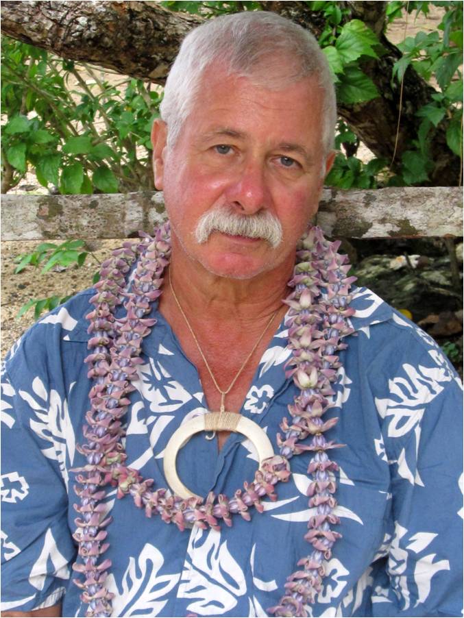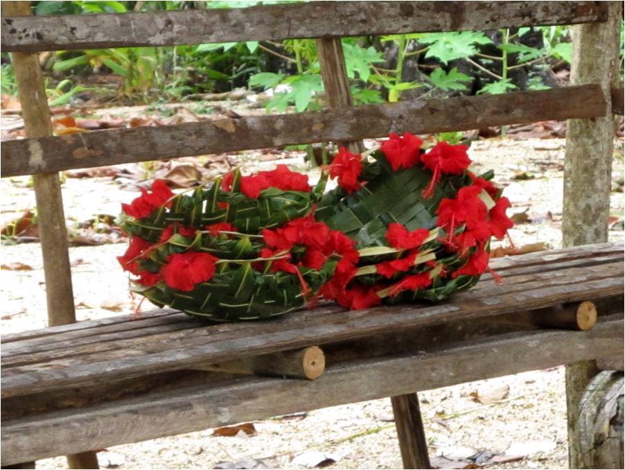 Each visitor received a leaf or floral necklace presented by an island beauty; here Leslie receives hers. |
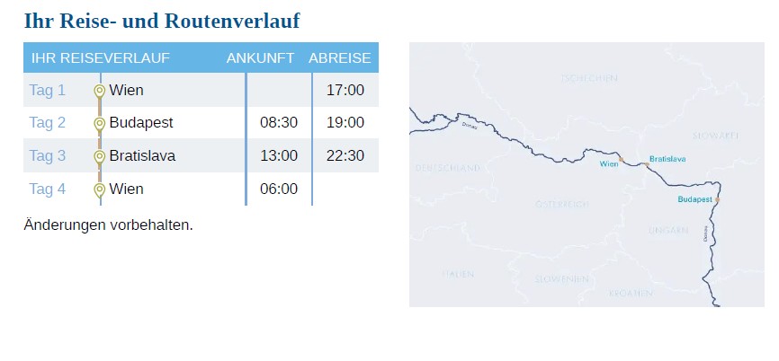 Strecke: Graz – Wien – Budapest – Bratislava – Wien – Graz
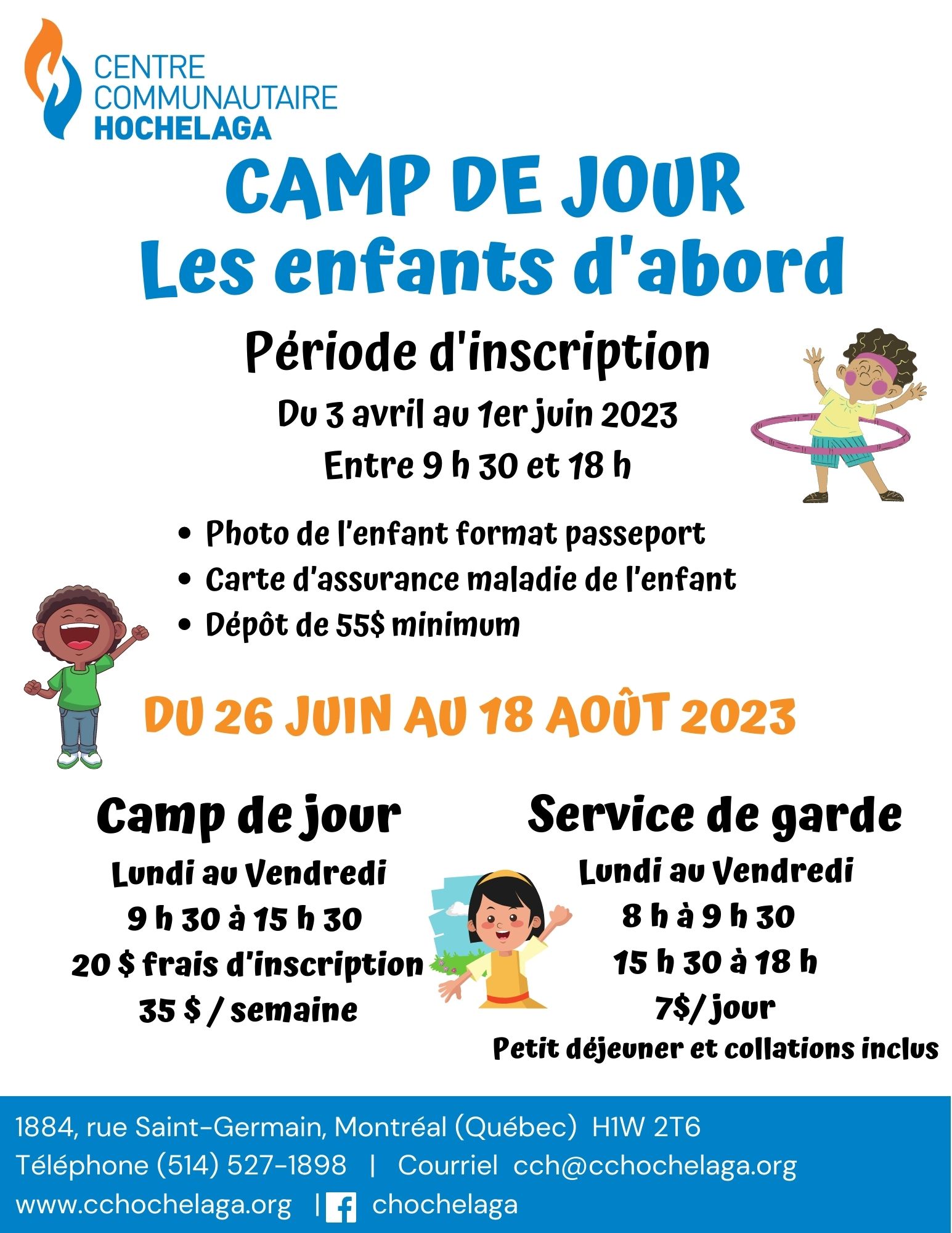 Tenus durant la semaine de Relâche, le camp du CCH permet aux 4 à 12 ans de fraterniser avec d’autres jeunes de leur âge en participant à une grande variété d’activités. Ils offrent également aux parents l’occasion de mieux planifier la période des vacances et de s’assurer que leur enfant participe à des activités stimulantes dans des conditions agréables et sécuritaires.

────────────────────

Work to complete:
Copy the data word for word and omit every picture.

Solution to the problem:
 Each visitor received a leaf or floral necklace presented by an island beauty; here Leslie receives hers. |
 Strecke: Graz – Wien – Budapest – Bratislava – Wien – Graz
 Tenus durant la semaine de Relâche, le camp du CCH permet aux 4 à 12 ans de fraterniser avec d’autres jeunes de leur âge en participant à une grande variété d’activités. Ils offrent également aux parents l’occasion de mieux planifier la période des vacances et de s’assurer que leur enfant participe à des activités stimulantes dans des conditions agréables et sécuritaires.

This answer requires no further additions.